**Exercise brief**: What must be written out is each line from the one holding "Desde parroquianos que" through the end of the records, word for word, minus any pictures.

*** Opening of Data to process ***

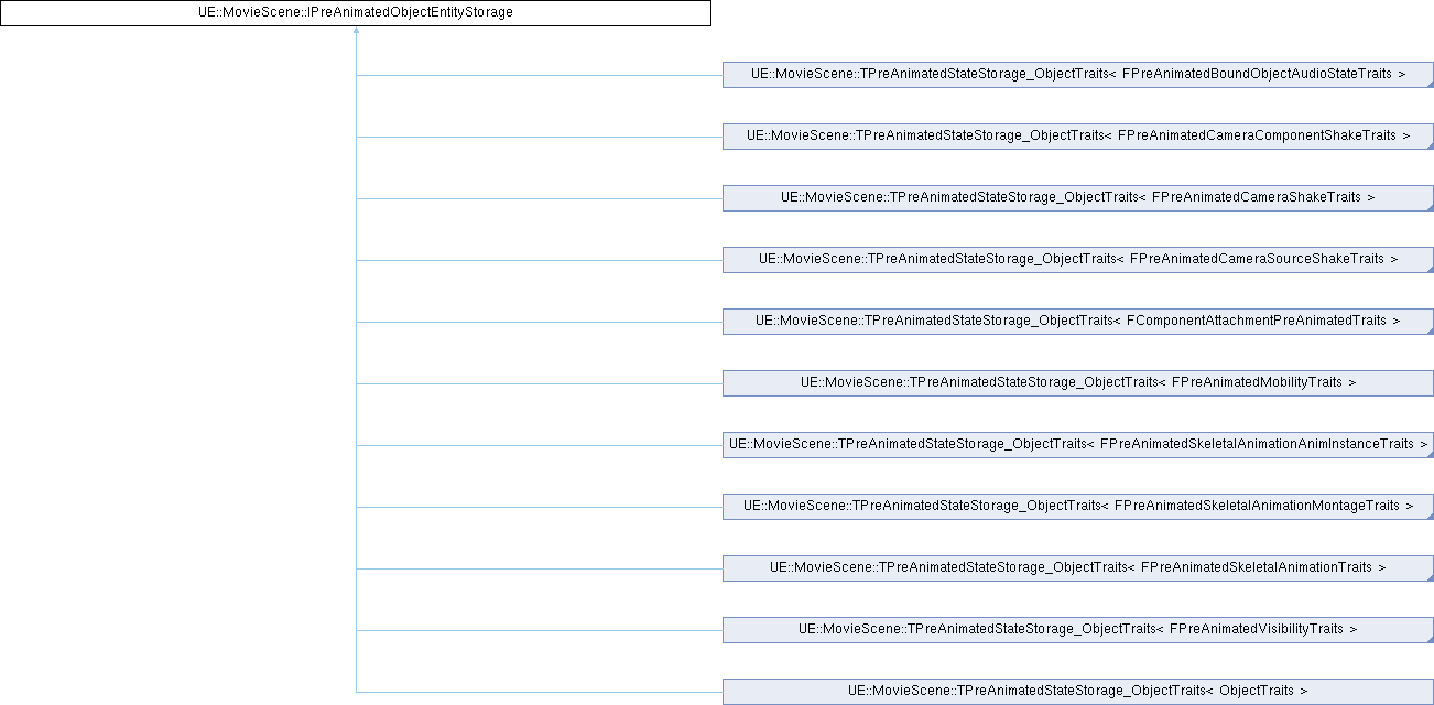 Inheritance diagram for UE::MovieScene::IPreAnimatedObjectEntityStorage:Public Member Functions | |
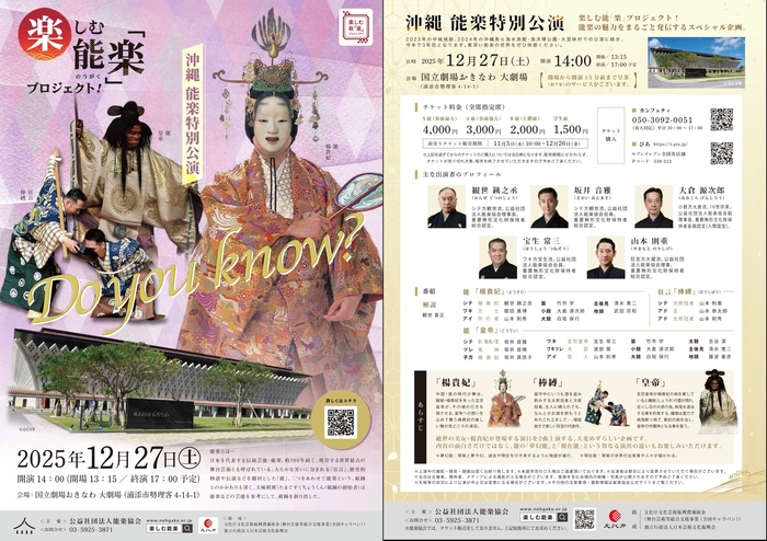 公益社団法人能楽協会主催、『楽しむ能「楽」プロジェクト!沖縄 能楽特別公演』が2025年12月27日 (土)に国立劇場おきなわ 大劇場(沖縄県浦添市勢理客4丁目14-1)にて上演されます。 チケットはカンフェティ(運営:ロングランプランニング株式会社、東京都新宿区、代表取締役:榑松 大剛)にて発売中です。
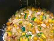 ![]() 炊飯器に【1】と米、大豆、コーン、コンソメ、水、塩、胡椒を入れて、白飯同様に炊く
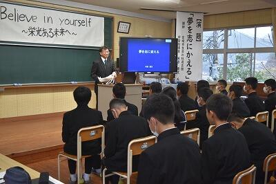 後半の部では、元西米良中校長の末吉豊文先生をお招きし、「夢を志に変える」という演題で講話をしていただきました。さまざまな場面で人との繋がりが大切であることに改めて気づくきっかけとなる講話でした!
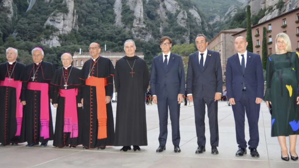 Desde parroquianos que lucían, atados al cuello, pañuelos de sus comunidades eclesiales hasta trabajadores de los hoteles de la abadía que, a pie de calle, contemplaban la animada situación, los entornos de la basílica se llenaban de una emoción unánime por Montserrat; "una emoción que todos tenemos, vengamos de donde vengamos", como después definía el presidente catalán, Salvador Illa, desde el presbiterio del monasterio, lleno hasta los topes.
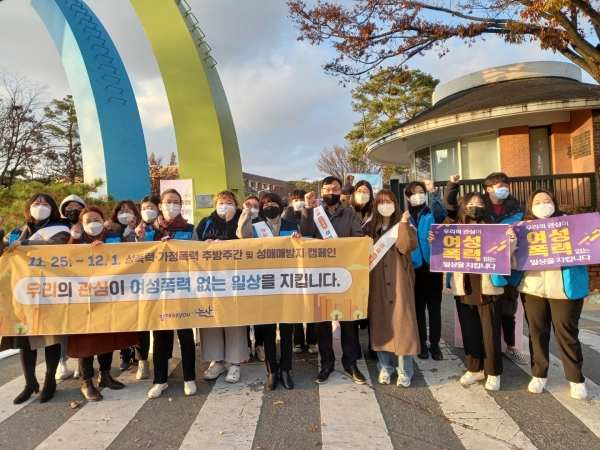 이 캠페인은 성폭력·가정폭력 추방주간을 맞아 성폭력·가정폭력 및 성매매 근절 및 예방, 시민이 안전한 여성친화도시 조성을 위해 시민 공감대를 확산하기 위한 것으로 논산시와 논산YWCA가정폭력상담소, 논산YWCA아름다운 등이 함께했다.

*** Close of Data to process ***

**Written reply**:
 Desde parroquianos que lucían, atados al cuello, pañuelos de sus comunidades eclesiales hasta trabajadores de los hoteles de la abadía que, a pie de calle, contemplaban la animada situación, los entornos de la basílica se llenaban de una emoción unánime por Montserrat; "una emoción que todos tenemos, vengamos de donde vengamos", como después definía el presidente catalán, Salvador Illa, desde el presbiterio del monasterio, lleno hasta los topes.
 이 캠페인은 성폭력·가정폭력 추방주간을 맞아 성폭력·가정폭력 및 성매매 근절 및 예방, 시민이 안전한 여성친화도시 조성을 위해 시민 공감대를 확산하기 위한 것으로 논산시와 논산YWCA가정폭력상담소, 논산YWCA아름다운 등이 함께했다.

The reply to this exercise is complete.